There are advantages to integrating all three of these into one :
  1. Reuse that logging API. Warnings and errors in preprocessing scripts will be treated consistently with those in the simulation, instead of different things happening (in the absolute worst case, slightly different things). No more regular expression parsing is required of the textual output to determine pass/fail status. Less scope exists to lose a test as the number of processes and log files are reduced.
  2. Removing script type work from the test bench - argument parsing for example. Use the right language for the problem, argument parsing is best done by a scripting language.
  3. Simplification - stop munging data into an intermediate format so it can be easily processed by the simulation language. The scripting language now has the ability to poke about into the simulation data structures so can put the required values straight into the required registers instead of via plusargs or hex dump or both.
  4. Recompile less often. By gluing together APIs in a scripting language a code change will not always necessitate a recompile if only interpreted code is changed.

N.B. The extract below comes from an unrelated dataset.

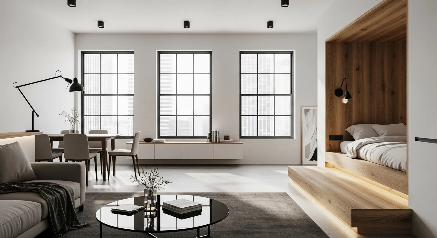 Linhas retas, tons neutros e mobiliário contemporâneo são perfeitos para quem busca uma estética modernista e minimalista.

It has always been possible to do something like this in any of ncsim, vcs or msim. But to do so would mean using a simulator specific HDL API (forcing, breakpointing etc.) which would increase vendor lock in. Additionally TCL may not be the best choice of scripting language, and the logging would still need to be imported across the TCL and HDL.

I want to explore how this might be done and to demonstrate how to integrate Python into a Verilog simulator and show how this approach can be used across multiple simulators (including Verilator) to achieve consistent results with all of them. And then go on to show how the logging library's API can be used to dump results to database from which we can generate web based reports, including regression results and regression triage.